Hedge funds and proprietary trading desks were the most active in the foreign exchange market last week buying one-week euro calls/dollar puts at the start of the week thinking the dollar would weaken in the wake of the continuing U.S. war on terrorism. But after military success showed there was actually a risk of the dollar strengthening they quickly reversed their positions, flipping the risk reversal to favor euro puts/dollar calls by 0.1 vol from 0.2 vol in favor of euro calls, according to New York-based traders. However, one-month implied volatility remained stable last week, at about 10.5%.
"People, mostly hedge funds were trying to get out from their earlier moves and then began reassessing," one trader said. He added that the slowdown in trading was prompted by an overall slowdown in merger and acquisition activity in the U.S. and low corporate earnings.
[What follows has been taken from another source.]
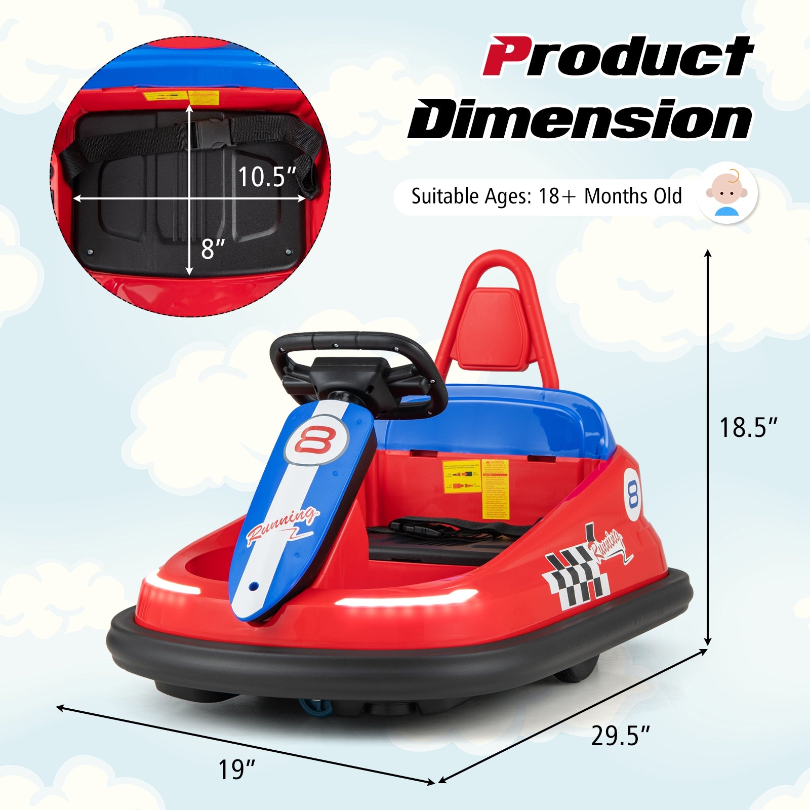 ● Exciting yet Safe Bumping: Equipped with dual motors and a rechargeable battery this electric bumper car allows kids to enjoy a long time of exciting bumping. And the universal wheels make the bumper car spin 360° for unlimited fun. Besides the spacious sitting area with a safety harness keeps children in position for security.

Traders said volumes have continued to remain historically low ever since the Sept. 11 attack. Most of the options were at-the-money with spot fluctuating around USD0.8825 throughout the week.
Robert Podorefsky, chief strategist at FleetBoston Financial in Boston, predicted that the dollar would remain strong on the back of the U.S. fight against terrorism. He also predicted that activity in the foreign exchange market would remain stable. "The dollar has continued to remain strong even though some thought it would suffer," Podorefsky noted, adding that military action would continue to fuel the greenback's strength over the next month.